## [DATASET EXCERPTS]

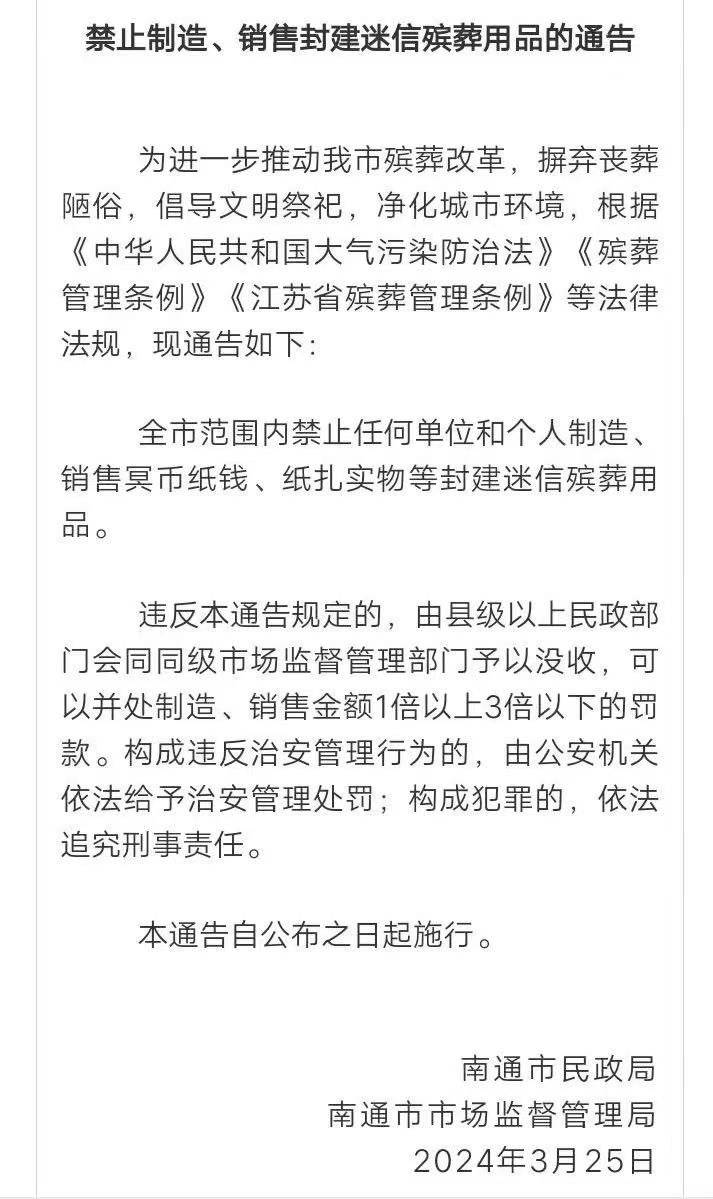 这份由南通市民政局、南通市市场监督管理局联合制作的通告发布于3月25日,通告的重点内容是南通将在全市范围内禁止任何单位和个人制造、销售冥币纸钱、纸扎实物等封建迷信殡葬用品,违反规定的,由县级以上民政部门会同同级市场监督管理部门予以没收,可以并处制造、销售金额1倍以上3倍以下的罚款。构成违反治安管理行为的,由公安机关依法给予治安管理处罚;构成犯罪的,依法追究刑事责任。
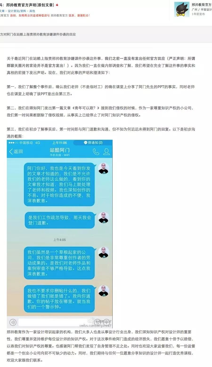 邢帅教育作为一家设计培训起家的机构,我们大多人也是从事设计行业出身,我们深知知识产权对设计师的重要性,我们尊重并坚持维护每位设计师的知识产权。对于这次事件给阿门造成的经济损失,我们愿意十倍予以赔偿,以表我们对知识产权的尊重。也感谢阿门帮我们发现了自身管理不足之处。同时也欢迎大家监督我们,每一份监督都是一个创业小公司向前不可缺少的动力。同时,我们期待与任何一位愿意分享知识的设计师一起打造优秀课程,欢迎大家跟我们联系。
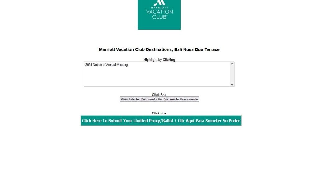 Please Vote! 2024 Notice of Election for Marriott Vacation Club Destinations, Bali Nusa Dua Terrace Member Committee
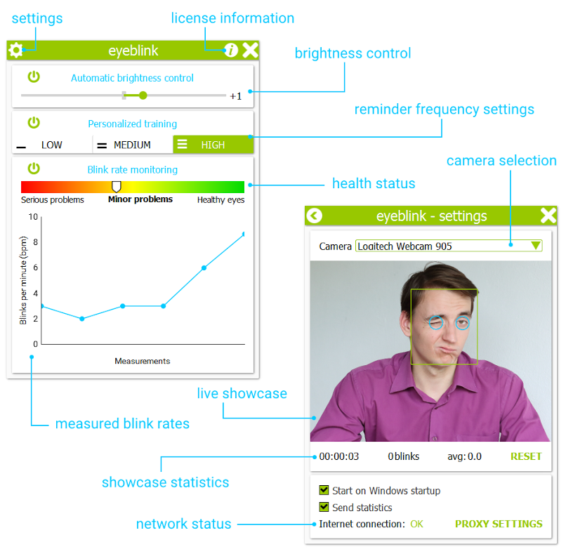 Jedinečnou pomôckou, ktorá naše oči a žmurkanie „postráži" za nás, je práve Eyeblink. Aplikácia priebežne kontroluje, či žmurkáme toľko, ako by zdravý človek mal. Ak nie, upozorňuje nás na to, aby sme žmurkli.
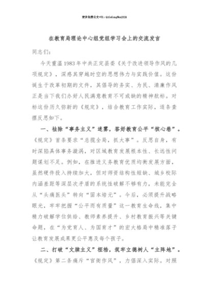 【七哥公文】2025年:【七哥公文】在教育局理论中心组党组学习会上的交流发言+更多免费公文+VX:QiGeGongWen2024+更多免费公文+VX:QiGeGongWen2024
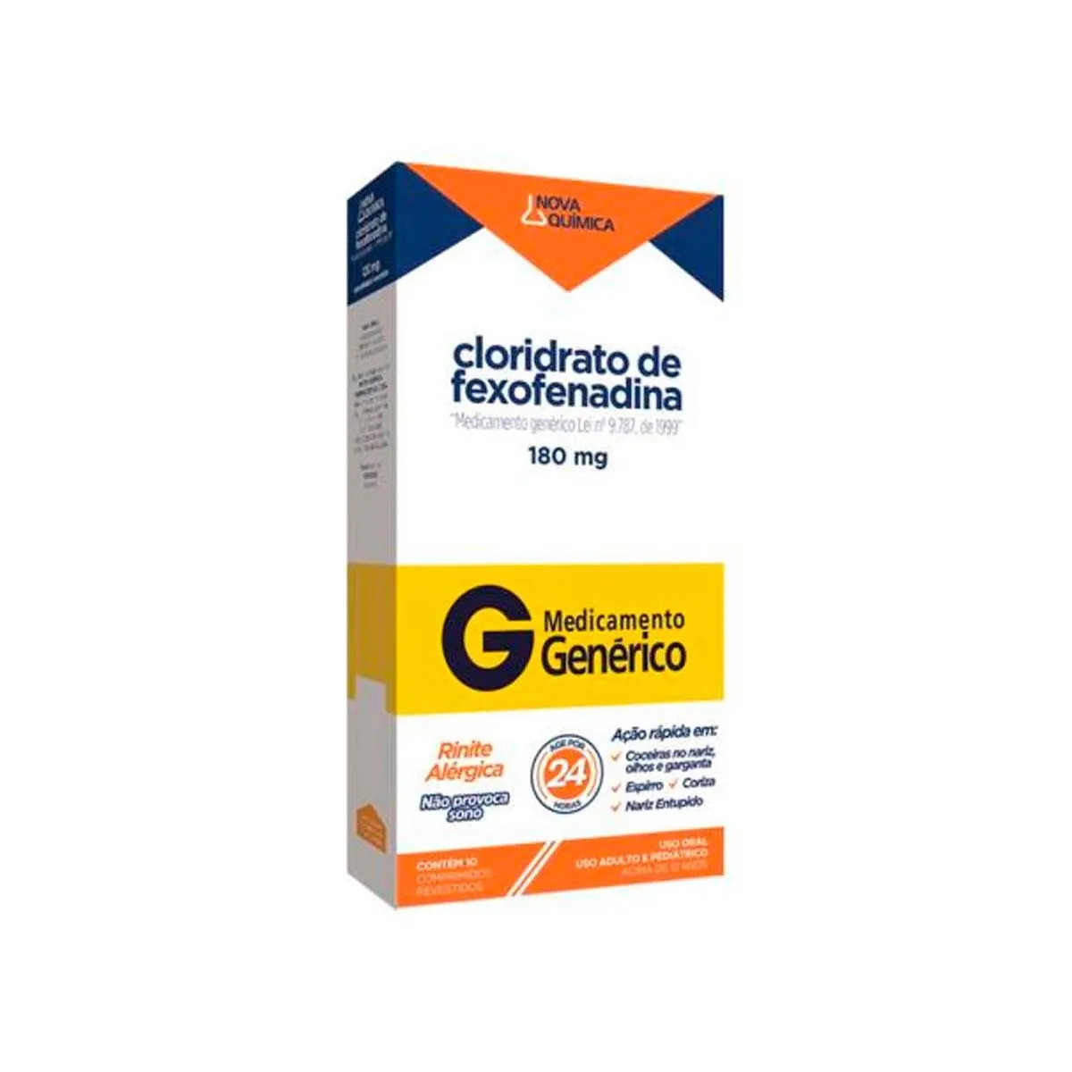 O Cloridrato de Fexofenadina 180mg Genérico Nova Química é um medicamento antialérgico de segunda geração, indicado para o alívio dos sintomas da rinite alérgica e da urticária. Sua fórmula age como um potente antagonista dos receptores de histamina H1, proporcionando alívio rápido e prolongado de espirros, coriza, coceira no nariz e olhos, além de placas e coceiras na pele. Por ser não sedativo, permite o uso durante o dia sem comprometer a atenção e o desempenho.
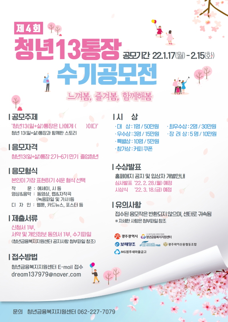 3. 응모자격 : 광주 청년13(일+삶)통장 2기 ~ 6기 만기 졸업(예정) 청년
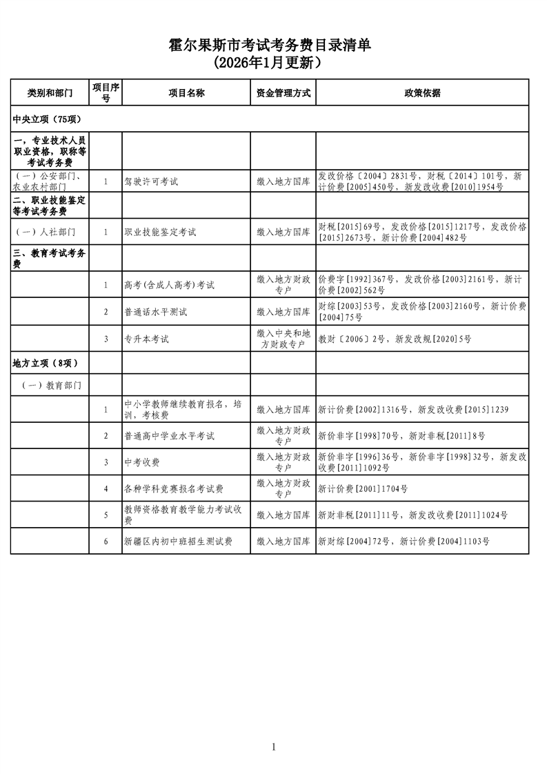 霍尔果斯市考试考务费目录清单(2026年1月更新)
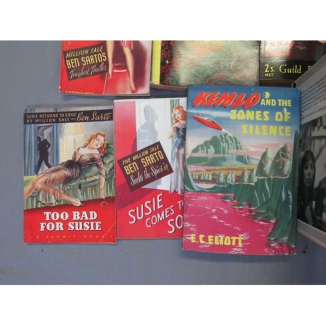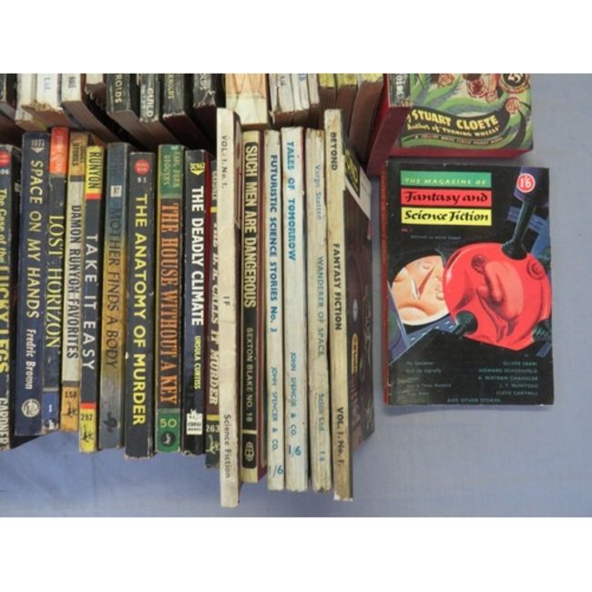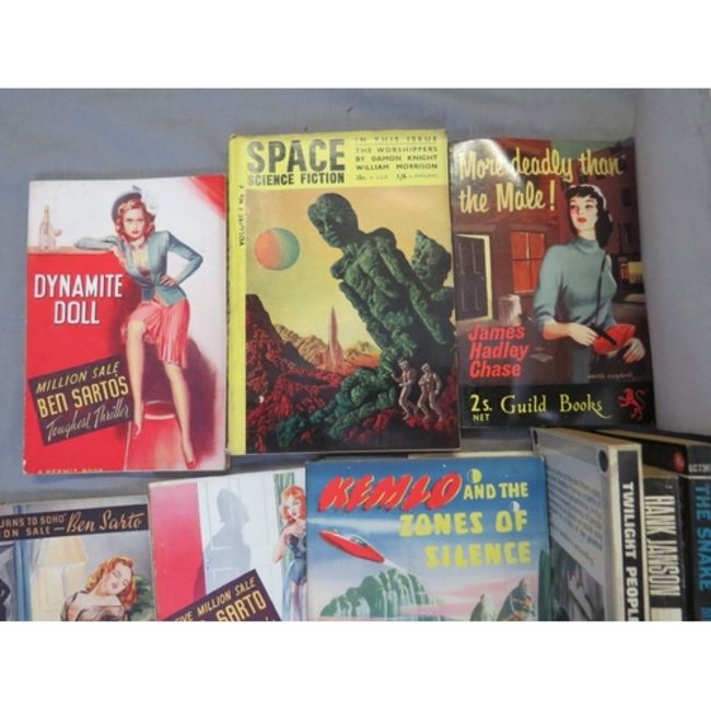 A TRAY OF VINTAGE PULP PAPERBACK BOOKS, to include Mickey Spillane, Hank Janson etc., and vintage science fiction
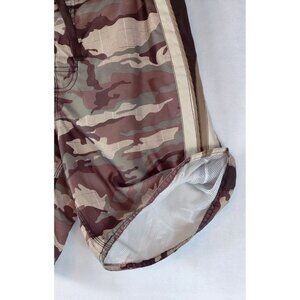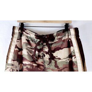OP "Ocean Pacific" swim wear for men in brown camo print. Drawstring, hook and latch fly, drawstring and closable side pocket. White mesh lining. Good condition.
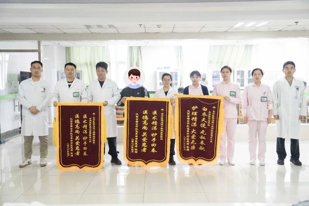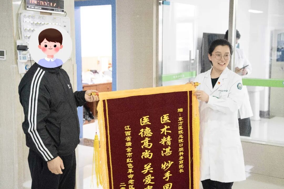 患者康复后,其女婿专程来到东方总院口腔科,亲手送上三面锦旗,以表达对李丽院长,全体医护人员的诚挚感谢。锦旗上的烫金话语,凝聚着患者家属对医疗团队高超技术与悉心照护的高度认可,也成为医患之间深厚情谊的生动写照。

## [HOW TO COMPLETE THIS TASK]
What is needed is every record above printed exactly, with no pictures.

## [RESPONSE TO THIS EXERCISE]
 这份由南通市民政局、南通市市场监督管理局联合制作的通告发布于3月25日,通告的重点内容是南通将在全市范围内禁止任何单位和个人制造、销售冥币纸钱、纸扎实物等封建迷信殡葬用品,违反规定的,由县级以上民政部门会同同级市场监督管理部门予以没收,可以并处制造、销售金额1倍以上3倍以下的罚款。构成违反治安管理行为的,由公安机关依法给予治安管理处罚;构成犯罪的,依法追究刑事责任。
 邢帅教育作为一家设计培训起家的机构,我们大多人也是从事设计行业出身,我们深知知识产权对设计师的重要性,我们尊重并坚持维护每位设计师的知识产权。对于这次事件给阿门造成的经济损失,我们愿意十倍予以赔偿,以表我们对知识产权的尊重。也感谢阿门帮我们发现了自身管理不足之处。同时也欢迎大家监督我们,每一份监督都是一个创业小公司向前不可缺少的动力。同时,我们期待与任何一位愿意分享知识的设计师一起打造优秀课程,欢迎大家跟我们联系。
 Please Vote! 2024 Notice of Election for Marriott Vacation Club Destinations, Bali Nusa Dua Terrace Member Committee
 Jedinečnou pomôckou, ktorá naše oči a žmurkanie „postráži" za nás, je práve Eyeblink. Aplikácia priebežne kontroluje, či žmurkáme toľko, ako by zdravý človek mal. Ak nie, upozorňuje nás na to, aby sme žmurkli.
 【七哥公文】2025年:【七哥公文】在教育局理论中心组党组学习会上的交流发言+更多免费公文+VX:QiGeGongWen2024+更多免费公文+VX:QiGeGongWen2024
 O Cloridrato de Fexofenadina 180mg Genérico Nova Química é um medicamento antialérgico de segunda geração, indicado para o alívio dos sintomas da rinite alérgica e da urticária. Sua fórmula age como um potente antagonista dos receptores de histamina H1, proporcionando alívio rápido e prolongado de espirros, coriza, coceira no nariz e olhos, além de placas e coceiras na pele. Por ser não sedativo, permite o uso durante o dia sem comprometer a atenção e o desempenho.
 3. 응모자격 : 광주 청년13(일+삶)통장 2기 ~ 6기 만기 졸업(예정) 청년
 霍尔果斯市考试考务费目录清单(2026年1月更新)
 A TRAY OF VINTAGE PULP PAPERBACK BOOKS, to include Mickey Spillane, Hank Janson etc., and vintage science fiction
OP "Ocean Pacific" swim wear for men in brown camo print. Drawstring, hook and latch fly, drawstring and closable side pocket. White mesh lining. Good condition.
 患者康复后,其女婿专程来到东方总院口腔科,亲手送上三面锦旗,以表达对李丽院长,全体医护人员的诚挚感谢。锦旗上的烫金话语,凝聚着患者家属对医疗团队高超技术与悉心照护的高度认可,也成为医患之间深厚情谊的生动写照。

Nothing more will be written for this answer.